:: What you are asked to do ::
When writing out the listing below, reproduce every word exactly and skip the pictures.
Supplied material section start
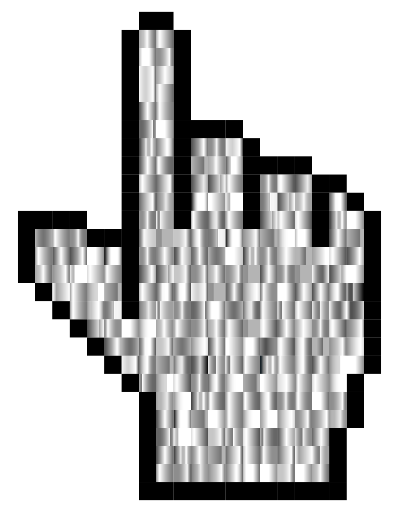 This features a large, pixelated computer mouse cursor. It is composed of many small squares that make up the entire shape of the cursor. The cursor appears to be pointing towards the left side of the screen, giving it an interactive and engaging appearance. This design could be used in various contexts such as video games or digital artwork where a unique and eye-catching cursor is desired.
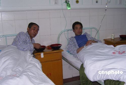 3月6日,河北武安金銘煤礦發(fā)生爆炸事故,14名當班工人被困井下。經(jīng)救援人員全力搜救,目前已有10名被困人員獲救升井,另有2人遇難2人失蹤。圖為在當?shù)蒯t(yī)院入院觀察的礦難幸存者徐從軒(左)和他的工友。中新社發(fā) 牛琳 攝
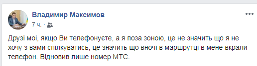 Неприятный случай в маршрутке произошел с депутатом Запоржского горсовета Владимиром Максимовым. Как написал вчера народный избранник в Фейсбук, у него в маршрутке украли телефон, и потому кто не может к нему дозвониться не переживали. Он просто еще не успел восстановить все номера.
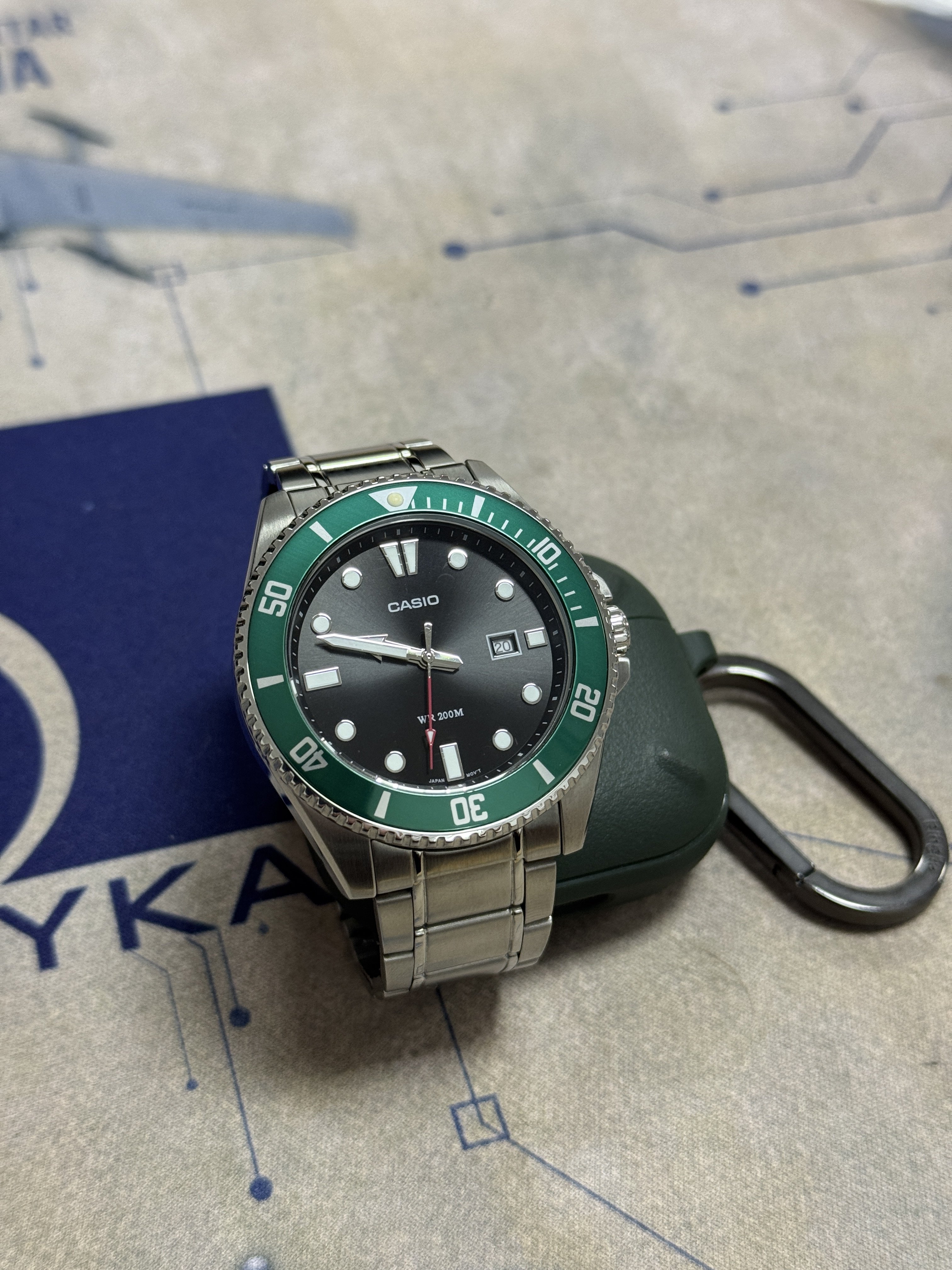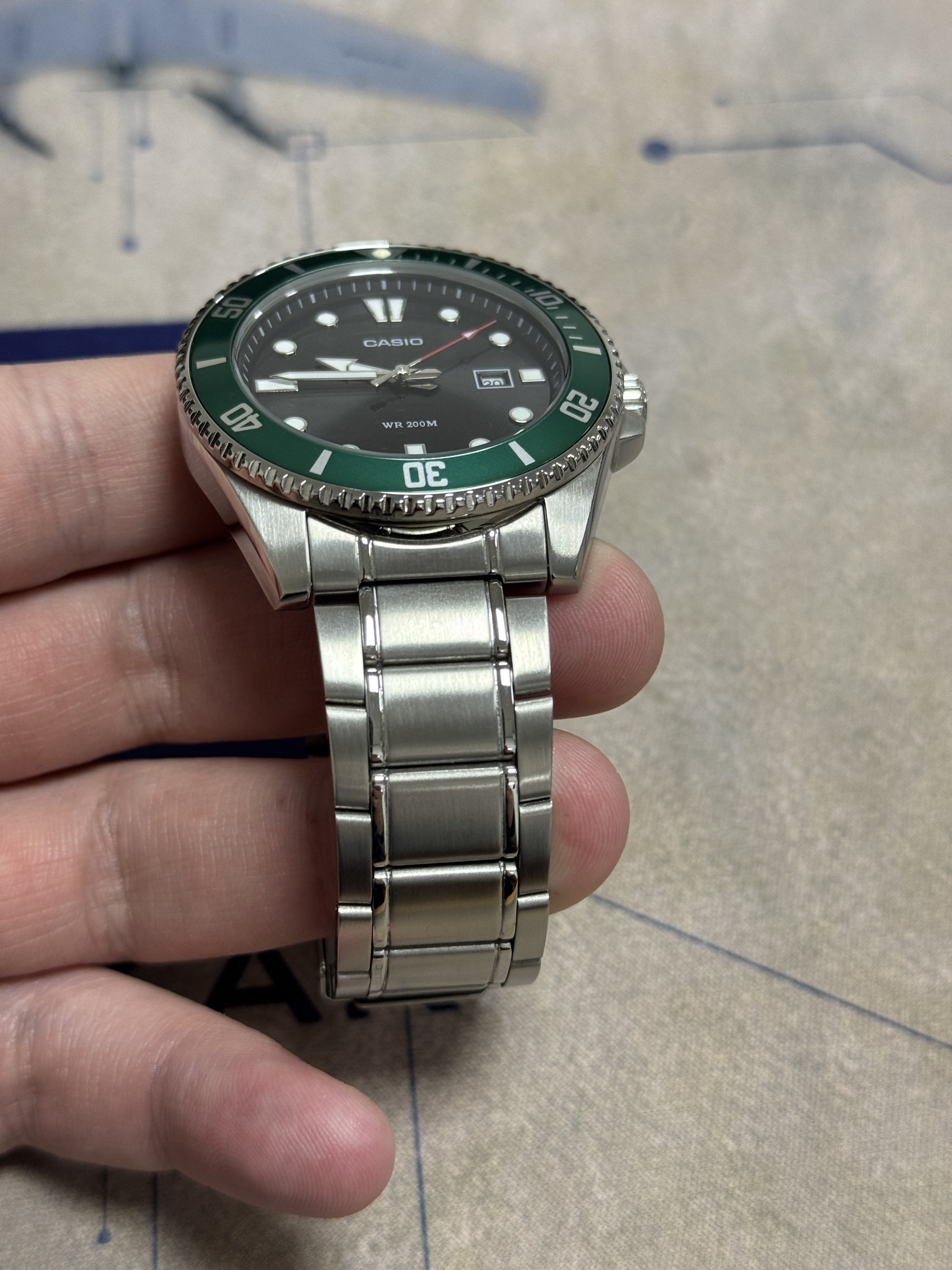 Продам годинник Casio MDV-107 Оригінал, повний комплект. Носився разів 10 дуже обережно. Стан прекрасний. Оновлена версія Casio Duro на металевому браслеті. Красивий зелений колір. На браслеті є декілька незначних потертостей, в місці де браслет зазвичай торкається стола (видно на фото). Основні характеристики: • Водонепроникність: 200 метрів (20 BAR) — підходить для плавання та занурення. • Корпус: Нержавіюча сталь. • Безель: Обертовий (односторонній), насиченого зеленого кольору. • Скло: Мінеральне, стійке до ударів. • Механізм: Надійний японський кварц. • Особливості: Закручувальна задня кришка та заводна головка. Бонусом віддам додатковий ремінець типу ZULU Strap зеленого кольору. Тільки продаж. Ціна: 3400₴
Supplied material section end
:: Result of the task ::
 This features a large, pixelated computer mouse cursor. It is composed of many small squares that make up the entire shape of the cursor. The cursor appears to be pointing towards the left side of the screen, giving it an interactive and engaging appearance. This design could be used in various contexts such as video games or digital artwork where a unique and eye-catching cursor is desired.
 3月6日,河北武安金銘煤礦發(fā)生爆炸事故,14名當班工人被困井下。經(jīng)救援人員全力搜救,目前已有10名被困人員獲救升井,另有2人遇難2人失蹤。圖為在當?shù)蒯t(yī)院入院觀察的礦難幸存者徐從軒(左)和他的工友。中新社發(fā) 牛琳 攝
 Неприятный случай в маршрутке произошел с депутатом Запоржского горсовета Владимиром Максимовым. Как написал вчера народный избранник в Фейсбук, у него в маршрутке украли телефон, и потому кто не может к нему дозвониться не переживали. Он просто еще не успел восстановить все номера.
 Продам годинник Casio MDV-107 Оригінал, повний комплект. Носився разів 10 дуже обережно. Стан прекрасний. Оновлена версія Casio Duro на металевому браслеті. Красивий зелений колір. На браслеті є декілька незначних потертостей, в місці де браслет зазвичай торкається стола (видно на фото). Основні характеристики: • Водонепроникність: 200 метрів (20 BAR) — підходить для плавання та занурення. • Корпус: Нержавіюча сталь. • Безель: Обертовий (односторонній), насиченого зеленого кольору. • Скло: Мінеральне, стійке до ударів. • Механізм: Надійний японський кварц. • Особливості: Закручувальна задня кришка та заводна головка. Бонусом віддам додатковий ремінець типу ZULU Strap зеленого кольору. Тільки продаж. Ціна: 3400₴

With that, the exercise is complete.